A FEW YEARS ago Eric Schadt met a woman who had cancer. It was an aggressive form of colon cancer that had come on quickly and metastasized to her liver. She was a young war widow from Mississippi, the mother of two girls she was raising alone, and she had only the health care that her husband’s death benefits afforded her—an overburdened oncologist at a military hospital, the lowest rung on the health care ladder. The polar opposite of cutting-edge medicine. To walk into such a facility with stage 4 metastatic disease is to walk back in time to the world of the unmapped human genome, when “colon cancer” was understood to have a single cause instead of millions of causes resulting in unique variations, when treatment was the same bag of poison, whether you were in Ocean Springs, Mississippi, or Timbuktu. A time without big data, machine learning, or hope.
Schadt had just started the Icahn Institute for Genomics and Multiscale Biology at Mount Sinai Hospital, and when he heard about the woman in Mississippi, he said, simply, “That’s exactly the kind of patient we take.” By that he meant patients for whom the current standard of care would fail, for whom the future of medicine—one in which supercomputers sift through masses of genetic data for patterns that could lead to new treatments and cures—could not arrive fast enough.

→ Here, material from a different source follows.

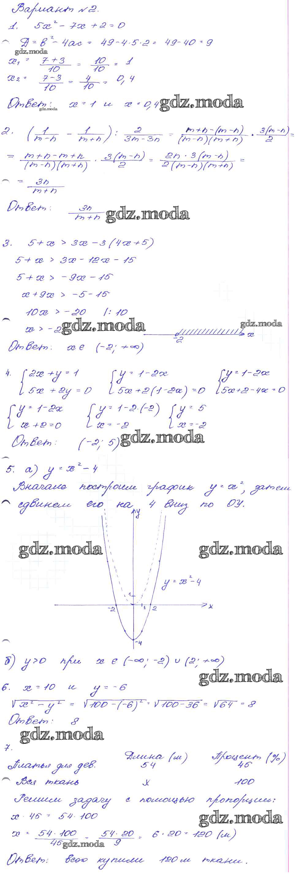 ОТВЕТ на задание № Вариант-2 Сборник заданий по Алгебре 9 класс Кузнецова
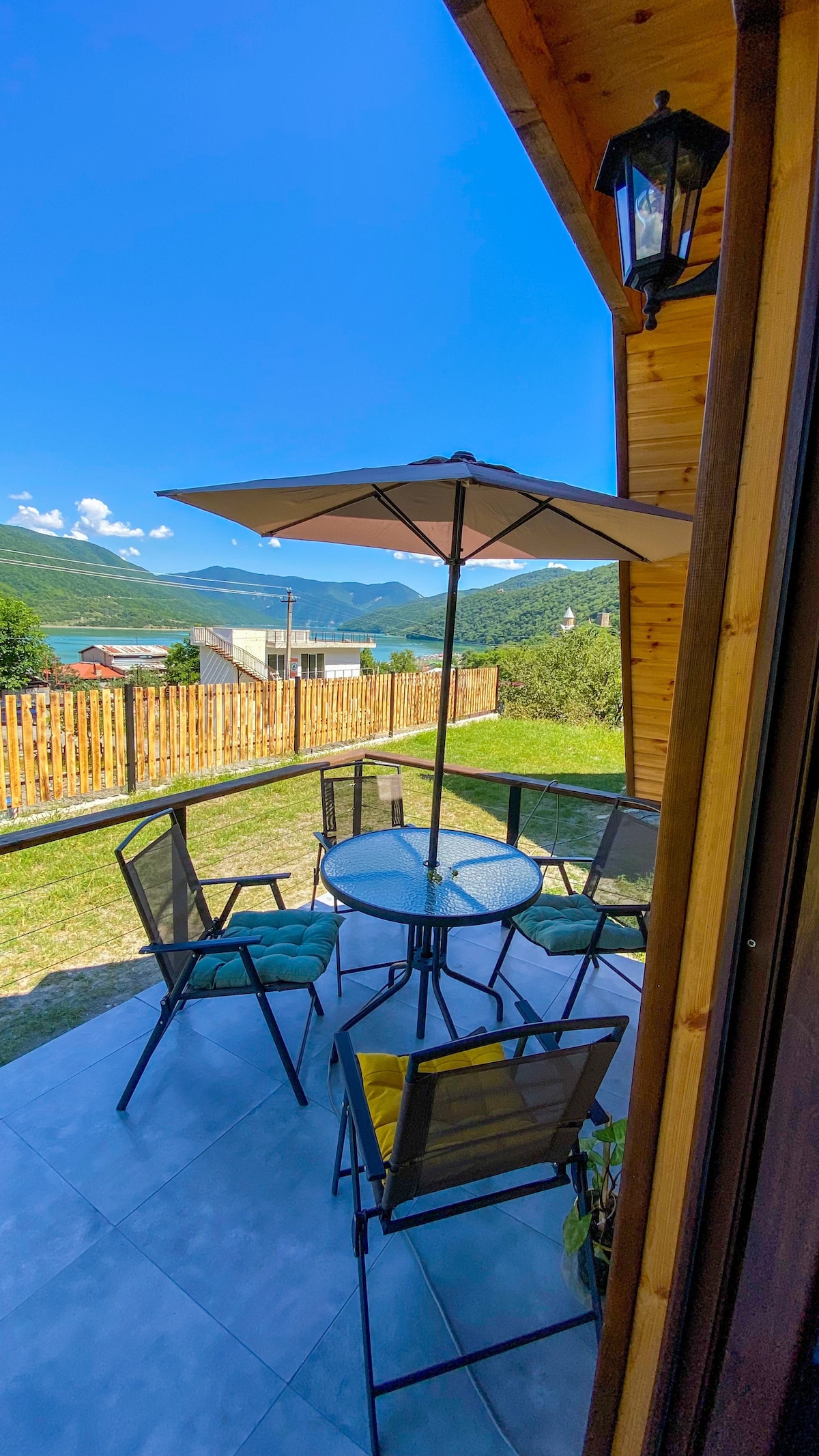 Nuestra casa de montaña con estacionamiento privado está a 45 minutos en coche de la capital, Tiflis, y tiene vistas impresionantes de las montañas circundantes y el lago Jinvali. En verano se pueden ver caballos pastando en el pie del lago. A solo 5 minutos del castillo de Ananuri, es un lugar único para explorar y relajarte en las montañas georgianas. Tu anfitriona será Katy, que habla ruso y georgiano.

Schadt isn’t a cancer specialist or even a medical doctor. He’s a mathematician and a specialist in molecular and computational biology, and he had never had a single patient in his life. Yet through his new lab at Sinai, Schadt would generate a terabyte of data on this woman’s cancer, thousands of times what she could have expected in a conventional medical setting, in the hope of finding new ways to combat it. Toward the end, Schadt would sit at her bedside, distraught. They had become close, and the scientist who had never had patients before was seeing the implications of scientific ambition and failure. She died last year.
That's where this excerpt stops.